From: Andi Kleen (ak@suse.de)
Date: Sun Jun 04 2000 - 06:35:46 EST

Next message: willy@thepuffingroup.com: "Re: [PATCH] ac7 Athlon-SMP"
Previous message: Olaf Titz: "Re: White paper on UNIX timers/timing...."
In reply to: kumon@flab.fujitsu.co.jp: "Re: [PATCH][CFT] dcache-ac6-D - dcache threading"
Next in thread: kumon@flab.fujitsu.co.jp: "Re: [PATCH][CFT] dcache-ac6-D - dcache threading"
Reply: kumon@flab.fujitsu.co.jp: "Re: [PATCH][CFT] dcache-ac6-D - dcache threading"
Reply: kuznet@ms2.inr.ac.ru: "Re: [PATCH][CFT] dcache-ac6-D - dcache threading"
Messages sorted by: [ date ] [ thread ] [ subject ] [ author ]

On Sun, Jun 04, 2000 at 05:24:11AM +0900, kumon@flab.fujitsu.co.jp wrote:
> Andi Kleen writes:
> > Some comments from a networking perspective.
>
> Thank you for having interests on my measurement.
>
> > It may also be worth to try the e100 driver from the Intel website.
>
> Instruction level profile shows, a "inw()" statement in
> speedo_interrupt():eepro100.c occupies more than half of the overhead
> of speedo_interrupt(). Actually, this statement is not compiled into
> an inw instruction but a movzwl instruction.
>
> near line 1520 in eepro100.c:
> do {
> HERE>>> status = inw(ioaddr + SCBStatus);
> /* Acknowledge all of the current interrupt sources ASAP. */
> /* Will change from 0xfc00 to 0xff00 when we start handling
> FCP and ER interrupts --Dragan */
> outw(status & 0xfc00, ioaddr + SCBStatus);
>
>
> > > 22.9 22.2 kmalloc
> > > 22.2 20.5 kfree
> >
> > That requires per CPU slabs to fix. Normally the new per CPU skb cache in 2.4
> > should help a bit already, maybe you need to increase
> > /proc/sys/net/core/hot_list_len
>
> Some part of kmalloc/kfree overhead is come from do_select, and it is
> easily eliminated using small array on a stack. Which I've already
> posted. IMHO per CPU skb will not reduce the kmalloc overhead,

Funny, Linux before 2.2 did that, but it was changed to allow fd set size
extensions. There were actually patches that tried stack alloc and
dynamic depending on the size, but they were rejected because of the
complexity.

> skb_buf_head uses kmem_cache_allocate directly.

With an own per CPU hot list cache.
The problem with kmem_cache_alloc is that it is not per CPU, but global,
which causes cache line juggling between in the list head of the cache
structure.

Caching more skbs as with increasing the hot list len may speed up the
skb header allocation up in your benchmark.
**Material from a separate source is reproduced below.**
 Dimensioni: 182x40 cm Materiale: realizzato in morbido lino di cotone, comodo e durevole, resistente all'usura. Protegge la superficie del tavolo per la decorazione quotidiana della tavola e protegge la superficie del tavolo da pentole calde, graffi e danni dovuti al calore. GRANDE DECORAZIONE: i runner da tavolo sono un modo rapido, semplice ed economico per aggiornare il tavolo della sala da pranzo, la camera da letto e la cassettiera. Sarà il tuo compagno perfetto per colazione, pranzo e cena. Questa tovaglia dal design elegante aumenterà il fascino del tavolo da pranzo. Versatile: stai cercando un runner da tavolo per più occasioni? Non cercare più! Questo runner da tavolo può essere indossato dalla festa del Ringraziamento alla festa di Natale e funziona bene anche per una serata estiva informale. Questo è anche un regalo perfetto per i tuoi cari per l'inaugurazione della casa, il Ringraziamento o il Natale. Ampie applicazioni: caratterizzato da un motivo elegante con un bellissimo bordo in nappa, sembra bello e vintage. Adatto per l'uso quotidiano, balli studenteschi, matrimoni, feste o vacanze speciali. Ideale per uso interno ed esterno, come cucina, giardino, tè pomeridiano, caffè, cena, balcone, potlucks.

For data portions it does
not help that much, because the payload size variations tend to distribute
the cache juggling over multiple fixed size kmalloc caches.
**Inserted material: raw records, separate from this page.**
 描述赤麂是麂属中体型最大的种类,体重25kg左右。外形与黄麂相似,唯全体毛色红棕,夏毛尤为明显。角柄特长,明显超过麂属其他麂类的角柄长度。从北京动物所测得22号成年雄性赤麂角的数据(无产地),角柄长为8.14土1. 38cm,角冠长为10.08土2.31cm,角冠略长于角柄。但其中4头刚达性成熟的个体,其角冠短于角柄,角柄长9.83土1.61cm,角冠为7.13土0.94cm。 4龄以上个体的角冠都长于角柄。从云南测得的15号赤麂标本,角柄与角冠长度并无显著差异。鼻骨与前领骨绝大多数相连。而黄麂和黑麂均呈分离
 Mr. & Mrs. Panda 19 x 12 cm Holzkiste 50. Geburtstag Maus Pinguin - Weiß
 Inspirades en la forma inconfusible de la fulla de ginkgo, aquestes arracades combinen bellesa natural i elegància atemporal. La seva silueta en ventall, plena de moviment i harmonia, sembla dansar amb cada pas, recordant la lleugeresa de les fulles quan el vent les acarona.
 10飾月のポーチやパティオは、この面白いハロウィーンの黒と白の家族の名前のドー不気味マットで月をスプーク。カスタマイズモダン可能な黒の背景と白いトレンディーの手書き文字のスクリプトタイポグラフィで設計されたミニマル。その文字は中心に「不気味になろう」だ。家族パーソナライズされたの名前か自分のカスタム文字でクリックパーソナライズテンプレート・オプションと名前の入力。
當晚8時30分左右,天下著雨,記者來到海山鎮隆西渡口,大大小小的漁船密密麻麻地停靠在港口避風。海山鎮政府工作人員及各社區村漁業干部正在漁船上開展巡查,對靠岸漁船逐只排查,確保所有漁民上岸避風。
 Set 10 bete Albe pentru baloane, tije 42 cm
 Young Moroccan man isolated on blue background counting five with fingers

[That all is a big hack -- the real solution would a per CPU slab allocator
like Solaris has]

>
> The statistics shows that the skb buffer (not skb buffer head)
> allocation is the most frequent kmalloc/kfree client (after do_select
> optimization).
>
> Using per-cpu cache mechanism and auto-array in do_select() can
> curtail kmalloc() overhead to 1/3. And the statistics shows the most
> frequently requested sizes to kmalloc are 2kb and 128b, of course it
> is application dependent.

2KB is a full sized MTU packet (1.5 rounded to power of two)
128byte is probably the ACK.

>
> > > 9.0 8.2 ip_route_input
> >
> > Interesting. Looks like the routing cache hash isn't as good as we thought.
> > Could you add some statistics to ipv4/route.c:ip_route_input to check
> > the average hash chain length or where exactly the cycles go there?
>
> Two lock instructions took more than half of the ticks. But we should
> be carefull to interpret it. Super scalar execution may distort
> results. So, some additional experiments are needed for confirmation.
> I suspect instruction serialization may be the main reason.
>
> The instructions are shown below:
>
> int ip_route_input(struct sk_buff *skb, u32 daddr, u32 saddr,
> u8 tos, struct net_device *dev)
> {
> struct rtable * rth;
> unsigned hash;
> int iif = dev->ifindex;
>
> tos &= IPTOS_TOS_MASK;
> hash = rt_hash_code(daddr, saddr^(iif<<5), tos);
>
> HERE>> read_lock(&rt_hash_table[hash].lock);

The per bucket locks apparently perform well for outgoing traffic,
but they are very bad for incoming traffic because it usually tends
to hit the same lock. Hmm....

>
>
> the other is around line 1560
> rth->u.dst.lastuse = jiffies;
> HERE>> dst_hold(&rth->u.dst);

Again the same problem. All incoming traffic hits the same routing
cache entry for your local address. dst_hold increases the use lock
of the rtcache entry, which is shared between all cpus.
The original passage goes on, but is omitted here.